Five thousand tons of gold are hidden under Turkish pillows. Five thousand pounds, worth 180 billion dollars. I don’t know about the home-stocks in other countries, but what I do know is that Turks are good at collecting gold during their lives. Recently, at a wedding, I saw how it goes: the newly-weds stand together and the guests wait in line to give their gold present one by one. Next to the couple stands a friend of the couple with a microphone, and he announces who gives what. ‘A golden bracelet from Aunt Emine and Uncle Ibrahim, thank you!’, ‘A golden necklace from colleagues Aylin, Emre, Metin and boss Hüseyin, thank you very much!’, ‘A golden coin from neighbour Ayse, thank you very much!’, ‘A golden bracelet from old school friend Hakky and his lady friend Fréderike, thank you very much!’ You hang the gold on bride or groom, and they sort of double their weight that way.
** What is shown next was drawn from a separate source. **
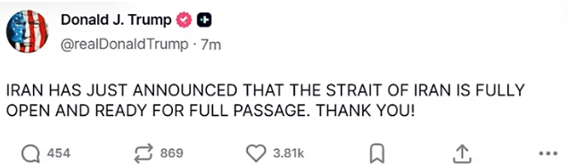 ਅਮਰੀਕੀ ਰਾਸ਼ਟਰਪਤੀ ਡੋਨਾਲਡ ਟਰੰਪ ਨੇ ਆਪਣੇ ਸੋਸ਼ਲ ਮੀਡੀਆ ਪਲੇਟਫਾਰਮ ‘ਤੇ ਫੈਸਲੇ ‘ਤੇ ਪ੍ਰਤੀਕਿਰਿਆ ਦਿੰਦੇ ਹੋਏ ਲਿਖਿਆ, “ਈਰਾਨ ਨੇ ਹੁਣੇ ਐਲਾਨ ਕੀਤਾ ਹੈ ਕਿ ਹੋਰਮੁਜ਼ ਜਲਡਮਰੂ ਪੂਰੀ ਤਰ੍ਹਾਂ ਖੁੱਲ੍ਹਾ ਹੈ ਅਤੇ ਪੂਰੀ ਆਵਾਜਾਈ ਲਈ ਤਿਆਰ ਹੈ। ਧੰਨਵਾਦ!”
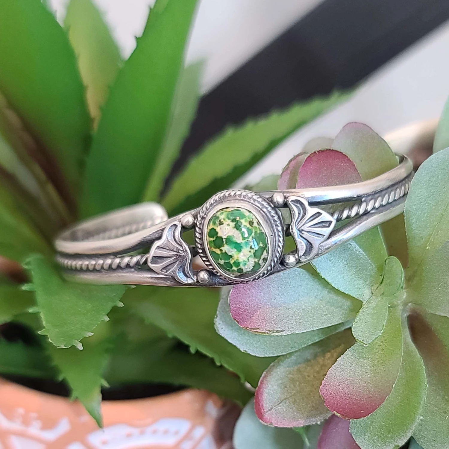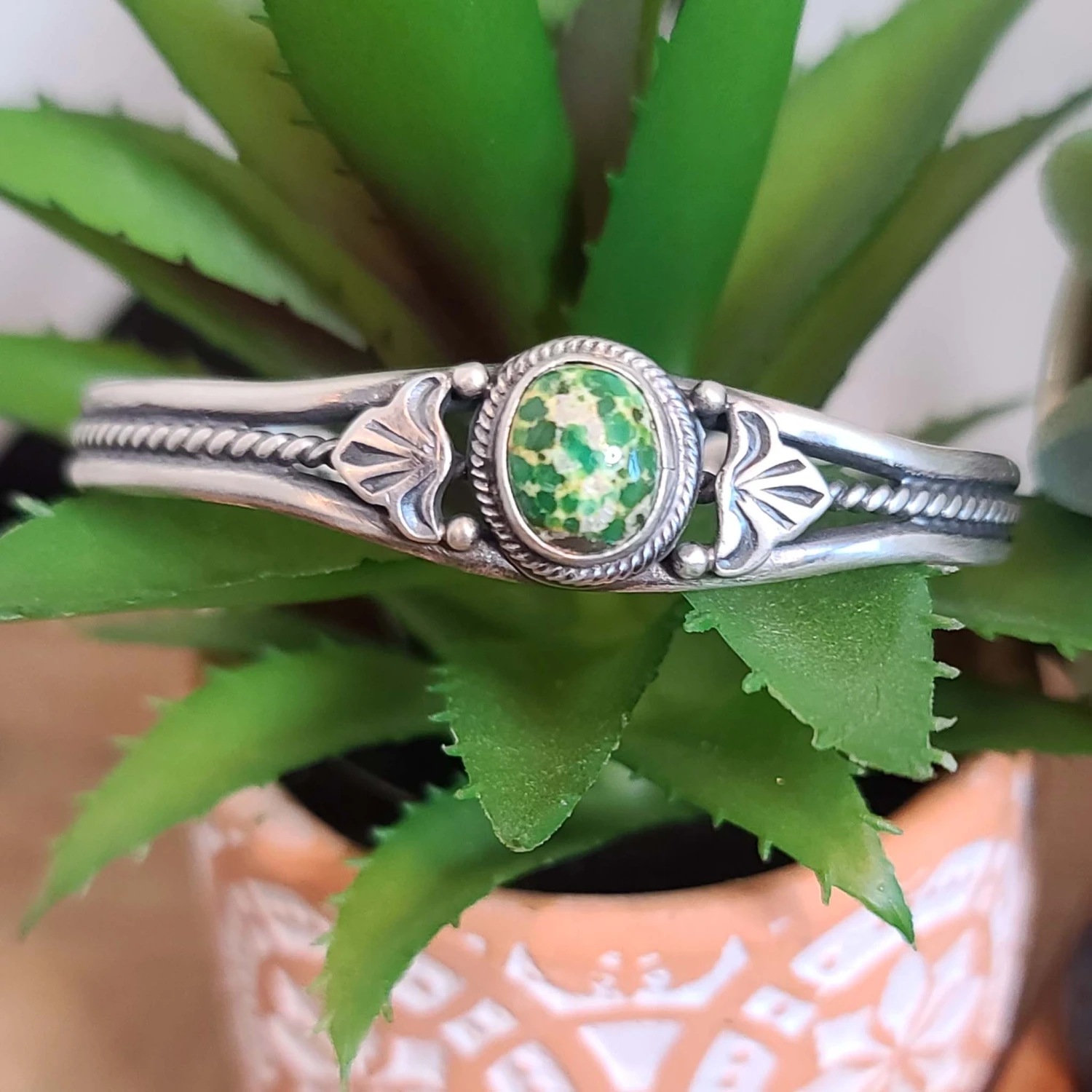 This is a cute dainty green turquoise cuff. There is so much detail in the silver work on this cuff.

A share of it is sold again quickly, to pay for the wedding.
The gold people collect throughout their lives – you usually get an ounce or so at birth, and sometimes on other happy occasions – is not worn a lot. Some women wear a few kilos of it when they visit friends in the weeks or months after the wedding, to show off the loot. And then it’s usually put under the proverbial pillow. Kept for a rainy day.
Now that the price of gold is rising, some financial analysts urge the government to encourage people to sell the gold under their pillows. It would create thousands of jobs to put the hidden treasures on the market. But people won’t sell their gold just yet: the price of gold still on the rise, so people wait. That could be a good personal choice, because in recent months the demand for gold is also rising. Why? Usually the summer is the wedding season, but last summer was also ramadan, so many weddings were postponed till this time of year. The rising demand makes the price of jewellery go up even more.
If a whole lot of people sold their gold, it would be a boost for the economy. Maybe you can consider it a good sign that people wait: apparently, the water is not up to their lips yet and the ‘rainy day’ has not yet come. They sleep safe and sound on their stuffed pillows!